EXERCISE DIRECTIONS
In the listing below, find the line containing "استهدف 5 وحوش" and the line containing "類:表示送貨方式,如下圖:A". Repeat exactly those two lines and every line between them, nothing more.

EXCERPTED RECORDS
######
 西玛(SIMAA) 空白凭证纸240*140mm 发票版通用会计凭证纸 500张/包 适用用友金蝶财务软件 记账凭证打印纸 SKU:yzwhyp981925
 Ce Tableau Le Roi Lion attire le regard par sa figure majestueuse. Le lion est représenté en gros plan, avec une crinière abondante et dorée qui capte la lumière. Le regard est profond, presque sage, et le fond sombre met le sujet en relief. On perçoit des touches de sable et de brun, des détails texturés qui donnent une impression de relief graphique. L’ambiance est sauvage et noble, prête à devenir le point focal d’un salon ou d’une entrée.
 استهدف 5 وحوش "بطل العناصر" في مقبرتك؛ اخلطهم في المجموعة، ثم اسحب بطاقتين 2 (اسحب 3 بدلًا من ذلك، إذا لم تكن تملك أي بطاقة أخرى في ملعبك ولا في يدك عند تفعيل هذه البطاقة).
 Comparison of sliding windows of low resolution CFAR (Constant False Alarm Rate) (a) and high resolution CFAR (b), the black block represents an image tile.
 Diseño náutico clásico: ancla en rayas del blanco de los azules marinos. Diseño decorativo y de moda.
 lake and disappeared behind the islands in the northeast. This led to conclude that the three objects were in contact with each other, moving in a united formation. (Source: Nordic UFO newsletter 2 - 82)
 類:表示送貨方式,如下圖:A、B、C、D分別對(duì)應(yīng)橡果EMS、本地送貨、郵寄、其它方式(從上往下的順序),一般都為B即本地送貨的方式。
######
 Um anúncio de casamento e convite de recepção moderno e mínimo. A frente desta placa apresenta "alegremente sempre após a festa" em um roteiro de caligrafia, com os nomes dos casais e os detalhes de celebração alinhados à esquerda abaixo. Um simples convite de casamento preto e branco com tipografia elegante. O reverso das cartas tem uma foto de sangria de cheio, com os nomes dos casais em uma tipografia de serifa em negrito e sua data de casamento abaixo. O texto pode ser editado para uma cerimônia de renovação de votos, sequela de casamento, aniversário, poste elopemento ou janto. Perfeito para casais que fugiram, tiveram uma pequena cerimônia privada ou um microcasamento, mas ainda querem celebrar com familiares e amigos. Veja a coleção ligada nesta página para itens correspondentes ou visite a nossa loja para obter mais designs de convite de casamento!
######
RESPONSE BELOW
 استهدف 5 وحوش "بطل العناصر" في مقبرتك؛ اخلطهم في المجموعة، ثم اسحب بطاقتين 2 (اسحب 3 بدلًا من ذلك، إذا لم تكن تملك أي بطاقة أخرى في ملعبك ولا في يدك عند تفعيل هذه البطاقة).
 Comparison of sliding windows of low resolution CFAR (Constant False Alarm Rate) (a) and high resolution CFAR (b), the black block represents an image tile.
 Diseño náutico clásico: ancla en rayas del blanco de los azules marinos. Diseño decorativo y de moda.
 lake and disappeared behind the islands in the northeast. This led to conclude that the three objects were in contact with each other, moving in a united formation. (Source: Nordic UFO newsletter 2 - 82)
 類:表示送貨方式,如下圖:A、B、C、D分別對(duì)應(yīng)橡果EMS、本地送貨、郵寄、其它方式(從上往下的順序),一般都為B即本地送貨的方式。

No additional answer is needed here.